If you’ve not come across regular expressions (RegEx) before then you’re missing out, they’re an incredibly powerful tool for matching, extracting or validating patterns of text.
I had a use case this week where I needed to take a SQL query, and quickly identify every table or view that was used in the query.
RegEx to the rescue!
(?<=((FROM[ \n\r]+)|(JOIN[ \n\r]+)|(APPLY[ \n\r]+)))((.?([a-zA-Z0-9_]+|([[a-zA-Z0-9._[]\s\$(){}+\?\<>|!]+])|("[a-zA-Z0-9._[]\s\$(){}+\?\<>|!]+")))+)
Let me break this down into chunks:
- We want any text that occurs after any of the following: FROM, JOIN, APPLY. We can use a ‘lookbehind’ assertion for this, and each of these words can be followed by any number of spaces, carriage returns or line feeds.
(?<=((FROM[ \n\r]+)|(JOIN[ \n\r]+)|(APPLY[ \n\r]+)))
- Then we want to have any number of repetitions of [an optional full stop, followed by] an entity name (entity being database, schema, table, view).
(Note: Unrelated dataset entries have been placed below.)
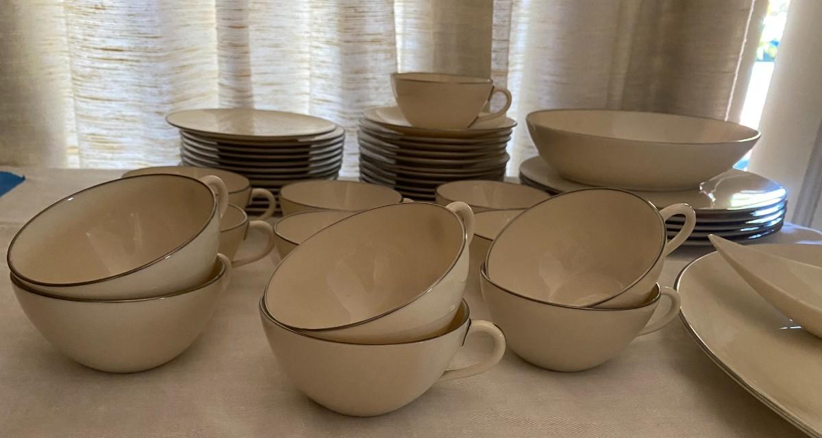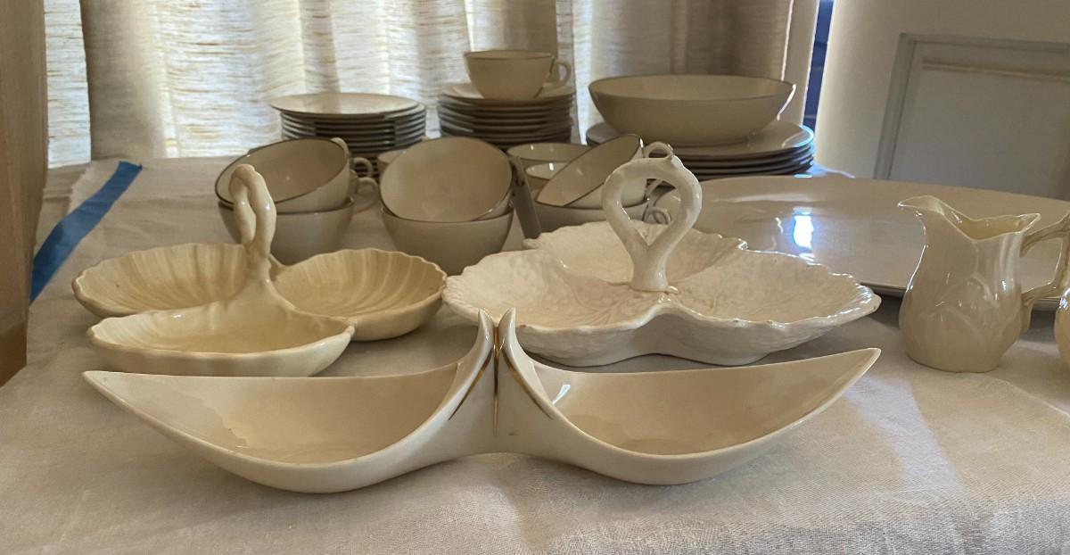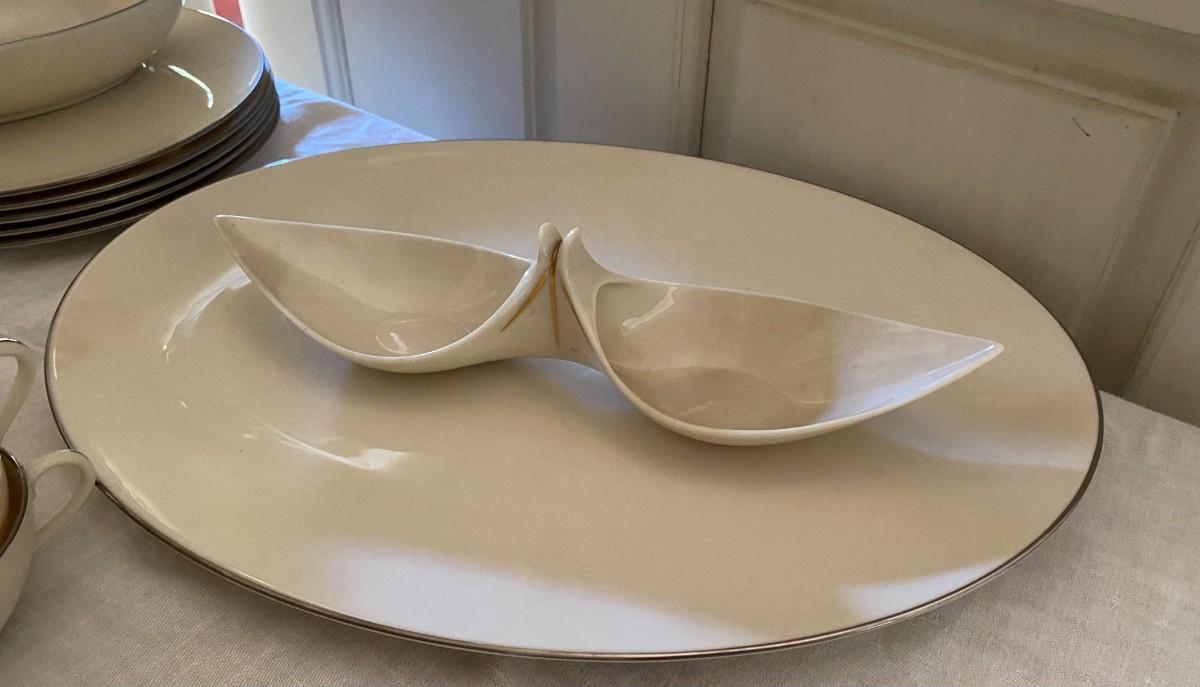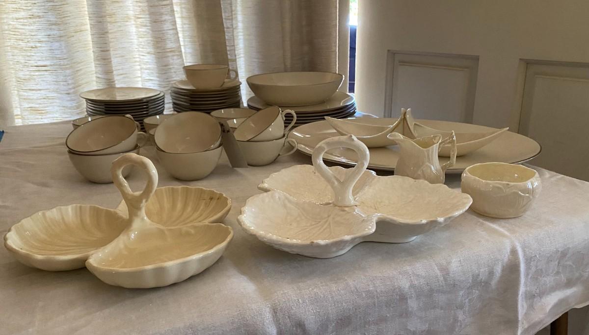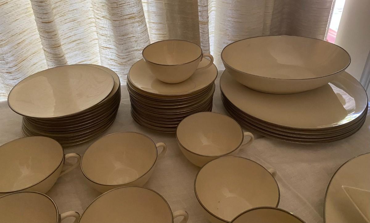 Cream and Gold Porcelain. beautiful set with nut dishes, and serving bowls.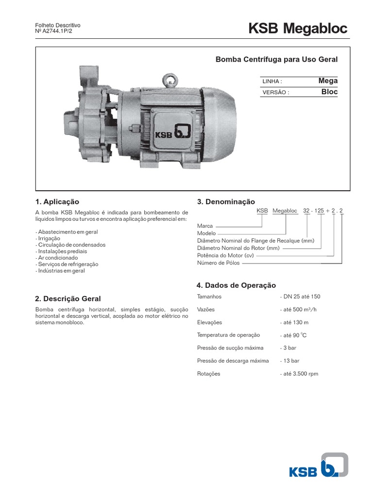 7.1. KSB Megabloc com motores at 15 CV II Plos e at 40 CV IV Plos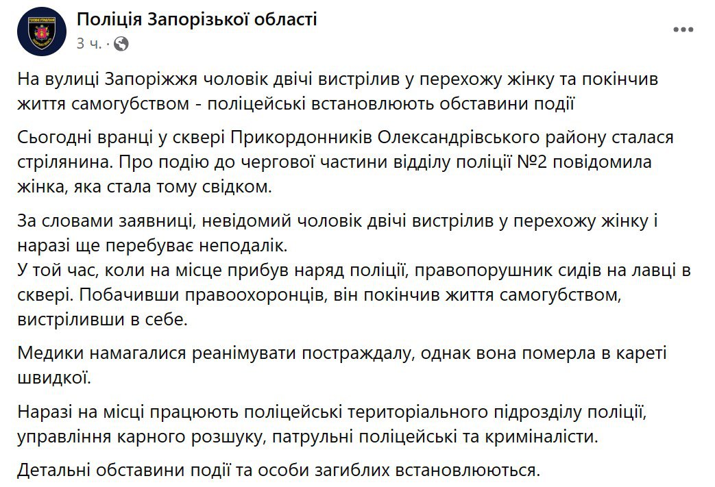 Сегодня в центре Запорожья произошла стрельба. Мужчина дважды выстрелил на улице в случайную прохожую и затем покончил с собой.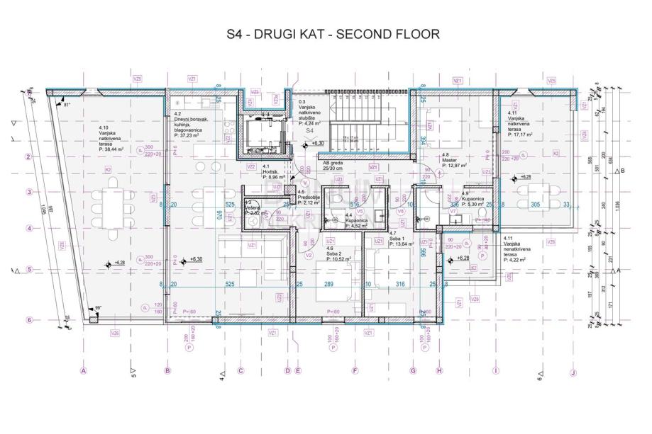 Stan S4 ima tri prostrane spavaće sobe, dvije moderno opremljene kupaonice, dnevni boravak povezan s kuhinjom i blagovaonicom te veliku vanjsku terasu (38.44 m2) za uživanje na otvorenom. Master soba ima izlaz na svoju vlastitu terasu od 17.17 m2, dok jedna spavaća soba ima svoju manju nenatkrivenu terasu od 4.22 m2.
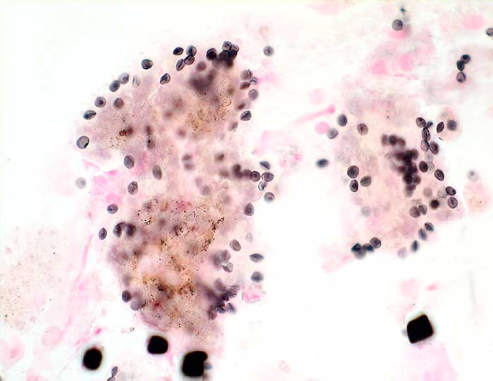 Bronchoalveoläre Lavage: Die etwa erythrozytengrossen Pneumozysten liegen zusammengeballt in einem wolkigen Material.

The entity name being any combination of lower case, upper case, digits or underscore
(.?[a-zA-Z0-9_]+)
- We then extend this to say if the entity is surrounded by [ ] or ” ” then other reserved characters are allowed as well, most of these have to be escaped in RegEx using \
([[a-zA-Z0-9._[]\s\$(){}+\?\<>|!]+])
(“[a-zA-Z0-9._[]\s\$(){}+\?\<>|!]+”)
We can then put them all together to give us a list of tables. To test this I love Derek Slager’s awesome online RegEx test utility – makes testing any RegEx simple and quick.
A big shout out to @RolandBouman, @MobileCK and @TheStephLocke for pointing out some gaps and optimisations.
That’s all for now, </FrogBlog Out>